**WHAT YOU WILL DO:**
In the entries below, repeat only the lines between those holding "前へ 次へ お客様の声一覧を見る" and "[인천광역신문] 박진 기자", inclusive. Leave pictures out.

**THE DATA:**

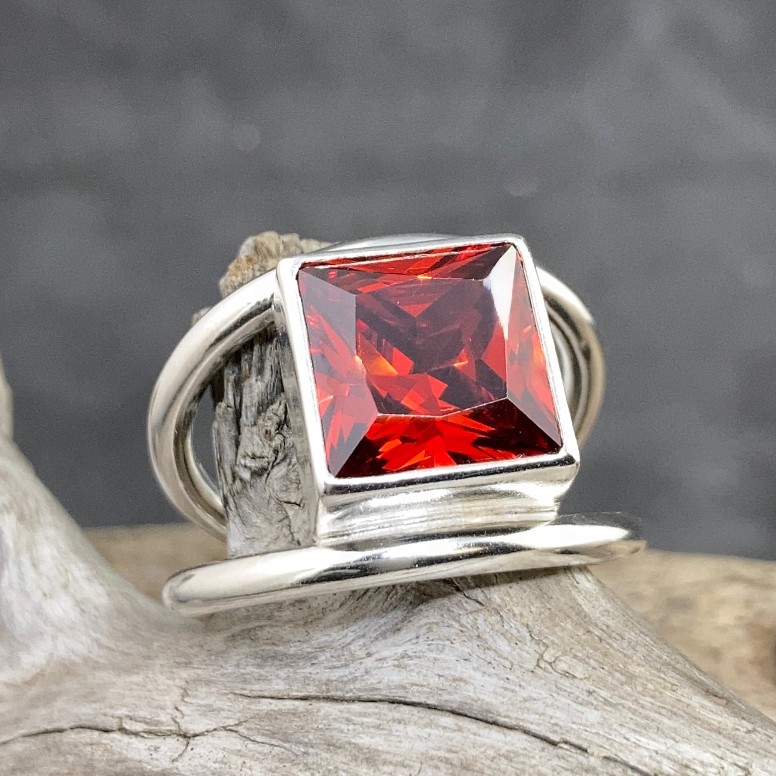 A striking Round Double-Band ring handcrafted in solid Argentium silver. The 9.5 carat square Red Topaz glows with vibrant fire, set securely between two heavy round bands. This design highlights clean form and strength, bringing color and precision into perfect balance.
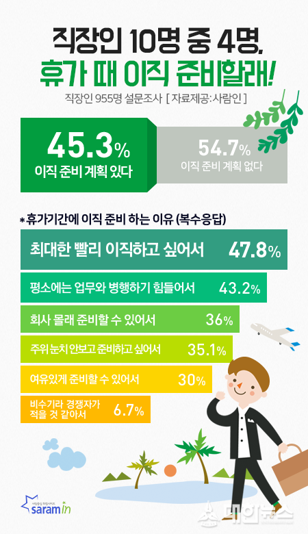 사람인(대표 이정근)이 직장인 955명을 대상으로 ‘휴가기간 중 이직 준비 계획’에 대해 조사한 결과, 45.3%가 휴가기간에 이직을 준비할 계획인 것으로 나타났다. 휴가기간에 이직을 준비하는 이유는 ‘최대한 빨리 이직하고 싶어서’(47.8%, 복수응답)가 단연 높았다. 이어 ‘평소에는 업무와 병행하기 힘들어서’(43.2%), ‘회사 몰래 준비할 수 있어서’(36%), ‘주위 눈치 안 보고 준비하고 싶어서’(35.1%), ‘여유 있게 준비할 수 있어서’(30%) 등이 있었다.
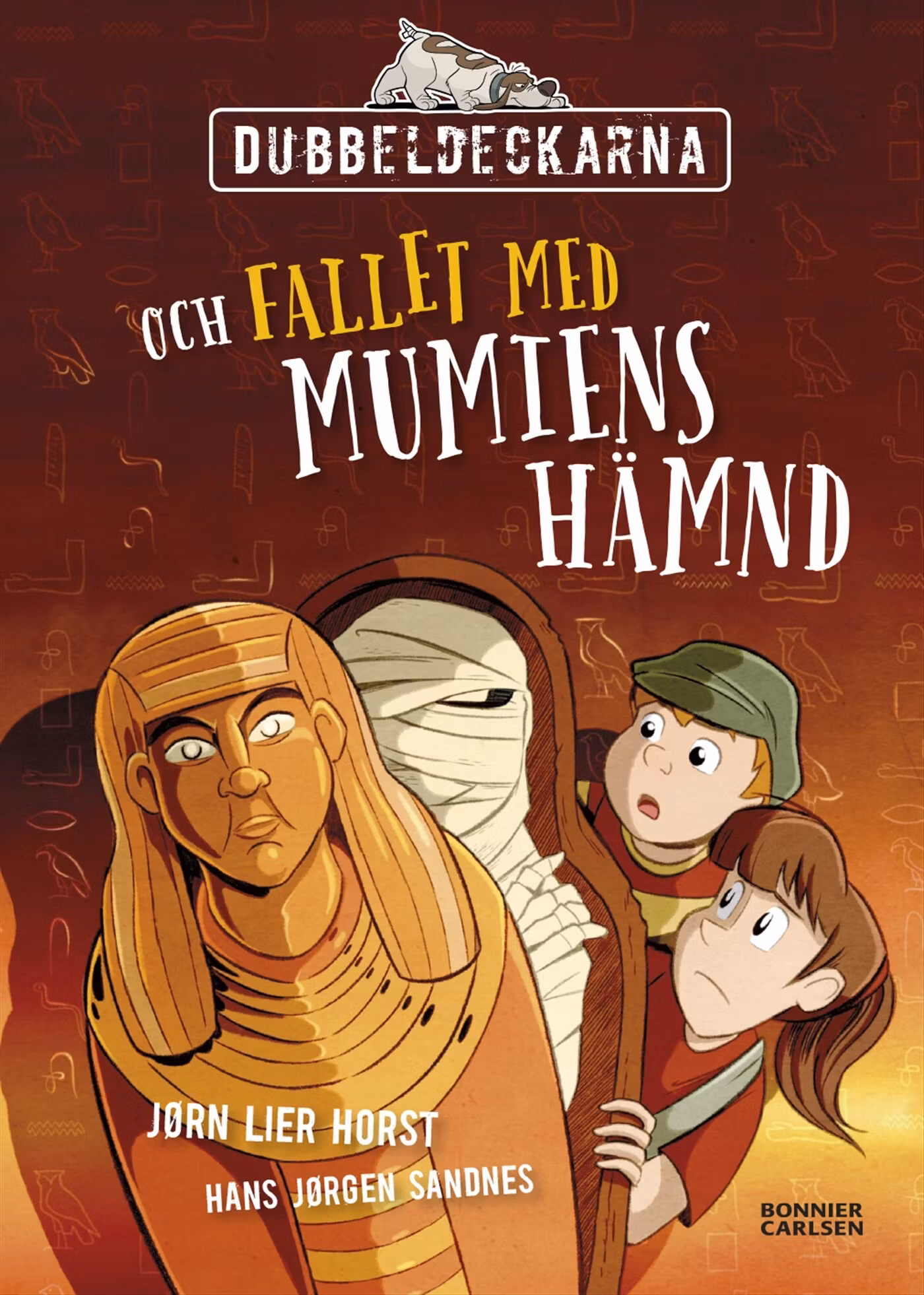 I den idylliska lilla staden händer det mystiska grejer! När museet förbereder en utställning om Egypten börjar oförklarliga olyckor ske. Kan det ha med en viss mumie att göra? Ett solklart fall för Tilde, Viktor och hunden Åtto! Norska deckarstjärnan Jørn Lier Horsts lättlästa böcker om Dubbeldeckarna lovar spänning från första till sista sidan. De färgrika illustrationerna är signerade Hans-Jørgen Sandnes.På museet är man i full färd med att planera en utställning om det gamla Egypten. Huvudattraktionen kommer att vara en flera tusen år gammal mumie. Men under förberedelserna börjar underliga saker och ting hända… Olyckor som inte går att förklara… Kan ryktena stämma? Vilar det en förbannelse över mumien eller vill någon sabotera utställningen? I så fall vem? Dubbeldeckarna Tilde och Viktor och hunden Åtto är på plats och som vanligt när de ställs inför ett nytt fall gör det allt för att komma till botten med mysteriet.
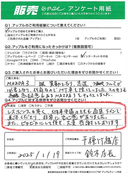 お車のご相談・ 査定だけでもOK! カンタン 入力 30秒 アップルがブランド買取始めました! お電話でも受付中! 受付時間9:30~18:30 052-711-8400 お車のご相談・ 査定だけでもOK! カンタン 入力 30秒 アップルがブランド買取始めました! お電話でも受付中! 受付時間9:30~18:30 052-711-8400 アップルがブランド買取始めました! お電話でも受付中! 受付時間9:30~18:30 052-711-8400 店舗情報 在庫車 スタッフ紹介 ブログ お客様の声 キャンペーン 無料査定 click お客様の声 ご記入日: 2025/01/19 S様 車名:マツダ MAZDA3ファストバック 満足度★★★★★ レスポンスも早く、納車準備のときも適宜ラインで連絡くださり、非常に安心感がありました。また、ピカピカにして頂き、大変感謝しております。 前へ 次へ お客様の声一覧を見る
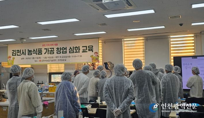 [인천광역신문] 박진 기자 | 김천시는 12월 19일 오후, 김천시농업기술센터 농촌생활교육관 조리실습실에서 ‘2025년 김천시 농식품 가공 창업 심화 교육’ 수료식을 성황리에 개최했다.
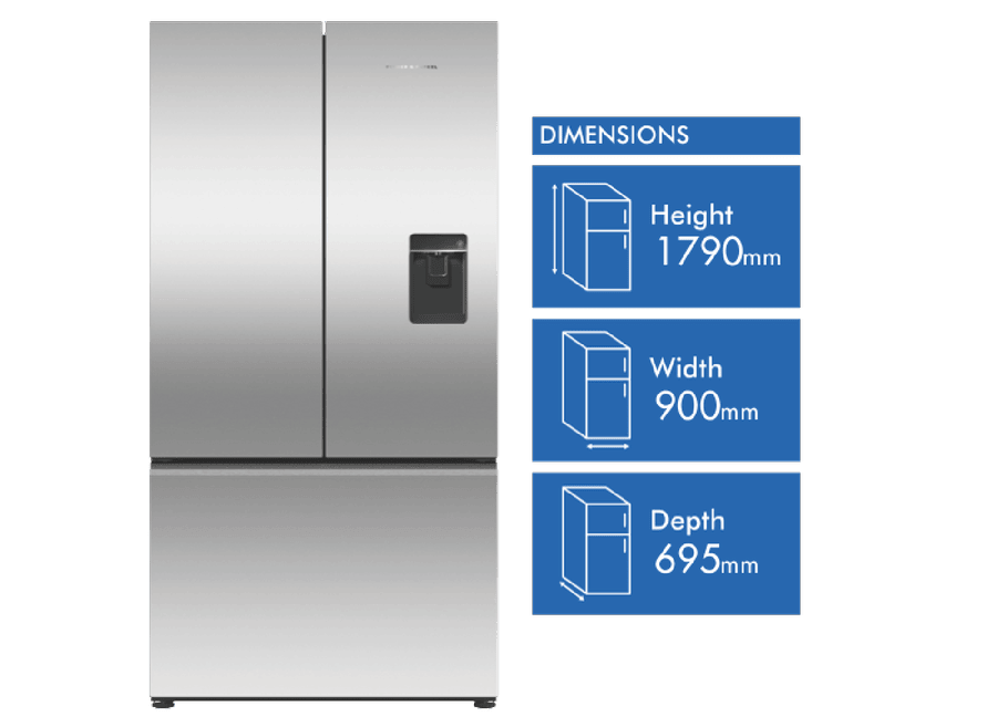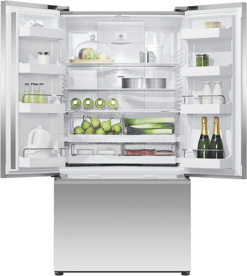 Bring stylish and spacious refrigeration to your kitchen with the Fisher & Paykel 569L French Door Fridge. This dual-door stainless steel refrigerator provides ample storage for all your fresh and frozen foods. The generous 614L total capacity includes a large 417L fridge compartment and 152L freezer. LED lighting illuminates the interior, making it easy to find ingredients. ActiveSmart technology adapts to your usage patterns for optimized cooling and energy efficiency. Additional features like the automatic ice maker and Fast Freeze function add convenience to your daily life. With a width of 900mm, height of 1790mm, and depth of 695mm, this fridge fits most standard kitchen spaces. The Fisher & Paykel Series 7 French door refrigerator runs quietly at 42 decibels and is rated for energy efficiency at 3.5 stars. It comes with Fisher & Paykel’s 2 year manufacturer’s warranty for peace of mind. The manufacturer’s part number for this fridge is RF610ANUX5. Learn more about how this quality refrigerator can upgrade your kitchen.
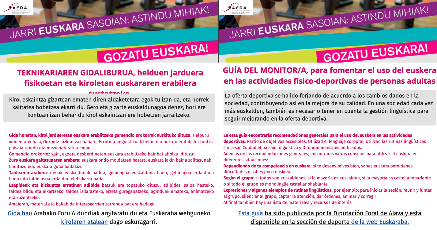 Ver imagen más grande GUÍA DEL MONITOR/A, para fomentar el uso del euskera en las actividades físico-deportivas de personas adultas Mikel LL2 de octubre de 2025| Información Compartir en redes sociales / Sare sozialetan partekatu FacebookXRedditLinkedInWhatsAppTumblrPinterestCorreo electrónico
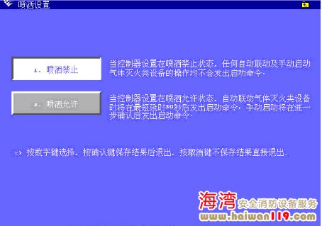 在氣體噴灑允許狀態(tài),氣體滅火設(shè)備才可以被手動(dòng)啟動(dòng)和自動(dòng)聯(lián)動(dòng)。否則啟動(dòng)氣體滅火設(shè)備的聯(lián)動(dòng)條件成立后,氣體滅火設(shè)備不會(huì)被啟動(dòng);手動(dòng)啟動(dòng)氣體滅火設(shè)備時(shí),沒(méi)有響應(yīng)。

**COMPLETED EXERCISE:**
 お車のご相談・ 査定だけでもOK! カンタン 入力 30秒 アップルがブランド買取始めました! お電話でも受付中! 受付時間9:30~18:30 052-711-8400 お車のご相談・ 査定だけでもOK! カンタン 入力 30秒 アップルがブランド買取始めました! お電話でも受付中! 受付時間9:30~18:30 052-711-8400 アップルがブランド買取始めました! お電話でも受付中! 受付時間9:30~18:30 052-711-8400 店舗情報 在庫車 スタッフ紹介 ブログ お客様の声 キャンペーン 無料査定 click お客様の声 ご記入日: 2025/01/19 S様 車名:マツダ MAZDA3ファストバック 満足度★★★★★ レスポンスも早く、納車準備のときも適宜ラインで連絡くださり、非常に安心感がありました。また、ピカピカにして頂き、大変感謝しております。 前へ 次へ お客様の声一覧を見る
 [인천광역신문] 박진 기자 | 김천시는 12월 19일 오후, 김천시농업기술센터 농촌생활교육관 조리실습실에서 ‘2025년 김천시 농식품 가공 창업 심화 교육’ 수료식을 성황리에 개최했다.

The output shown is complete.